August 5, 2009: The new head of the LTTE, Selvarajah Pathmanathan, has been captured in Malaysia. Pathmanathan was long the head of the LTTE weapons smuggling operation, and thus had security arrangements in Thailand, Malaysia and Myanmar. Pathmanathan also headed the LTTE global fund raising operation, giving him access to large amounts of money. Pathmanathan was seized in a hotel in the Malaysian capital, quickly flown to neighboring Thailand and then to Sri Lanka. Thailand and Malaysia were glad to see the LTTE gunrunning operation, and Pathmanathan, shut down. The smugglers corrupted local officials, and often provided weapons for local criminals and terrorists.

It's unclear how Pathmanathan was tracked down, but it's believed that communications gear found on or near LTTE founder Vellupillai Prabhakaran when he was killed earlier this year, provided the key. The army captured large amounts of LTTE communications gear, including satellite phones, code books (for secret messaging) and the like. All this provided clues to who the other key members of the LTTE were, where they operated from and how one might keep track of their movements. Cooperation from Indian, Thai and Malaysian police also provided useful information for the hunt, which enabled the new head of the LTTE to be caught within two weeks of him assuming his new job. Some also believe that jealous rivals within the LTTE may have tipped off police on where Pathmanathan was. That's possible, but unlikely, as the LTTE is in pretty bad shape at the moment, and that usually unites an organization facing a threat to its very existence. It is hoped that Pathmanathan will talk freely. If not, he stands to be prosecuted, in several countries, for murder. Unless he can make a deal (by telling everything he knows), he's headed straight for the gallows. Capital punishment is still legal in Buddhist Sri Lanka, but no executions have been carried out for decades. Public opinion regarding LTTE leaders could change that.

August 2, 2009: Interrogations of captured LTTE operatives revealed the location, on the west coast, of seven LTTE boats, with 200 horsepower engines, hidden in the jungle. The extent of hidden LTTE material has shocked government intelligence officials, who had underestimated how lavishly the LTTE had equipped itself.

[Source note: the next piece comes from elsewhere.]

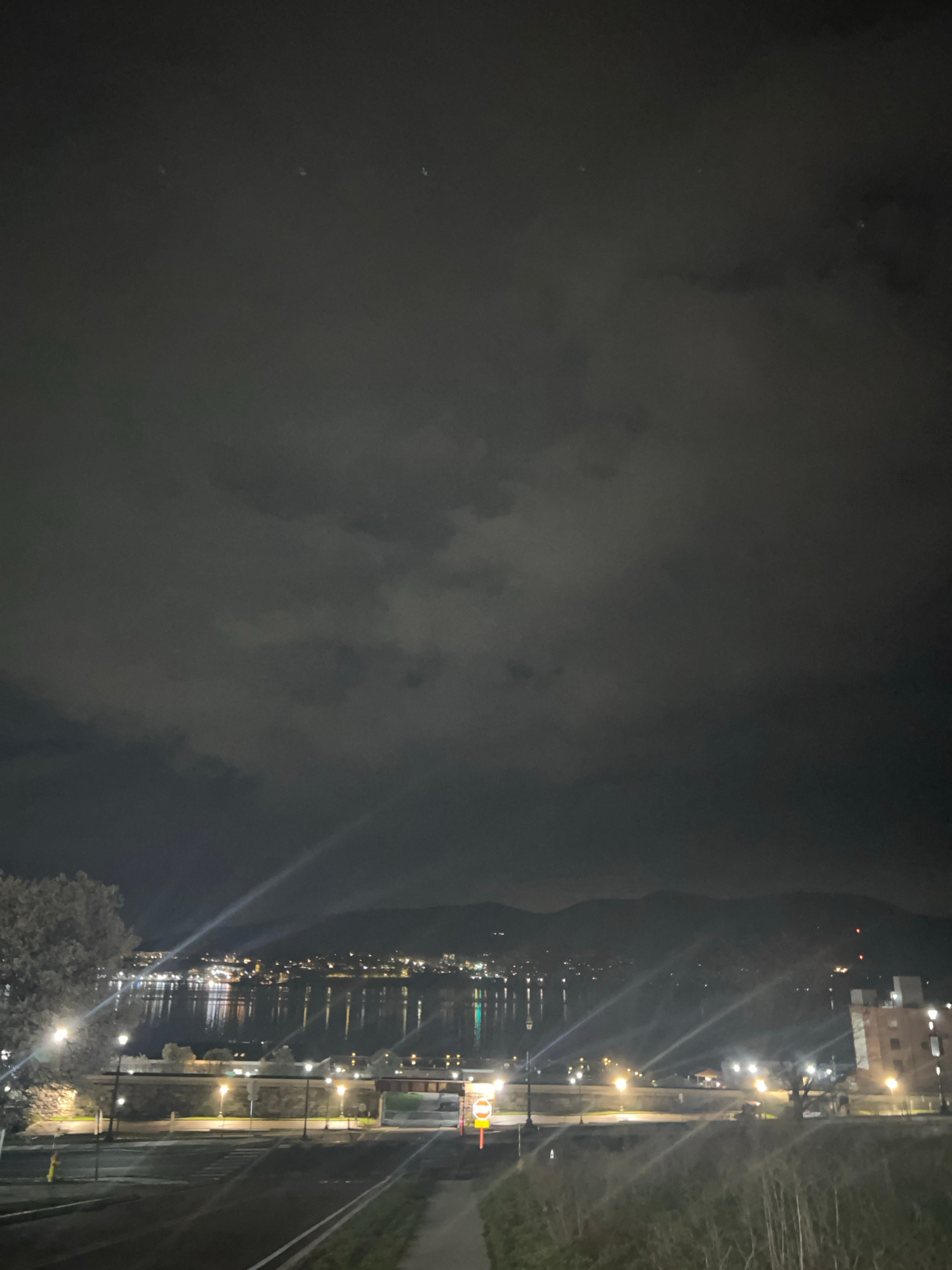 The image shows a night view of the City of Newburgh, United States of America, along the Hudson River. A dark, overcast sky hangs over the river, with reflections of city lights visible on the water'…read more

July 28, 2009:  Police arrested a senior LTTE intelligence official, Pakyaraja Pradeep, in a central Sri Lanka village. The police had received information from another captured LTTE member about Pradeep's location. Pradeep was in possession of a suicide vest when arrested.

July 25, 2009: In the southern coastal town of Kalutara, factional fighting in a local mosque led to a fight that left two dead and eleven wounded. The years of persecution by the LTTE has resulted in growing popularity for Islamic radicalism, in order to defend Islam from the evil Hindus (the Tamils are Hindu, but the LTTE is not). This Islamic radicalism never attracted much attention because of the far more violent LTTE operations. But now the LTTE is smashed, and the Moslems are trying to sort out who shall dominate Islamic affairs on the island.

July 24, 2009: The government is releasing most military deserters from jail. Last month, 585 were freed on the occasion of a Buddhist festival, and now another 1,800 are being freed via a presidential amnesty. Most deserters were not caught, prosecuted and jailed, and  are still technically part of the armed forces. There are over 50,000 of these, and the government is moving to simply discharge them and be done with it.